§ TO DO:
For this exercise, retype the lines from the one that holds "北京市延庆区2023-2024学年高一上学期期末考试生物(原卷版)" through the one that holds "Baraja de Poker" in the records below, both included, exactly and without pictures.

§ SUPPLIED MATERIAL:
--- --- ---
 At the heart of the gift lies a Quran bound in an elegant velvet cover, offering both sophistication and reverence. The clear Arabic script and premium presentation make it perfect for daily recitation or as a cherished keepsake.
--- --- ---
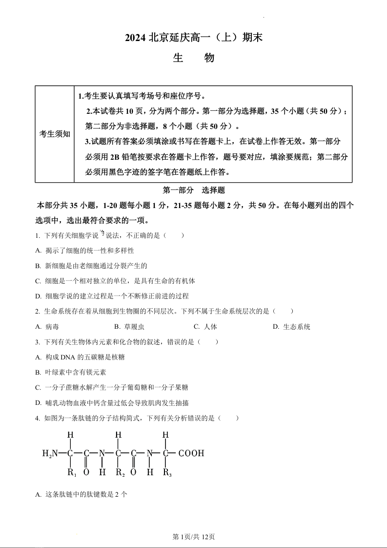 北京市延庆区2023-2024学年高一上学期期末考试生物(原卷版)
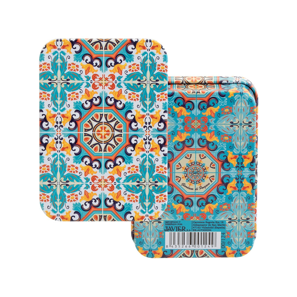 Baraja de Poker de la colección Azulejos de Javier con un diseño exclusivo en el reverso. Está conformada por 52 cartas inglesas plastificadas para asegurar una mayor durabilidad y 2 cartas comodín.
--- --- ---
§ RESPONSE:
 北京市延庆区2023-2024学年高一上学期期末考试生物(原卷版)
 Baraja de Poker de la colección Azulejos de Javier con un diseño exclusivo en el reverso. Está conformada por 52 cartas inglesas plastificadas para asegurar una mayor durabilidad y 2 cartas comodín.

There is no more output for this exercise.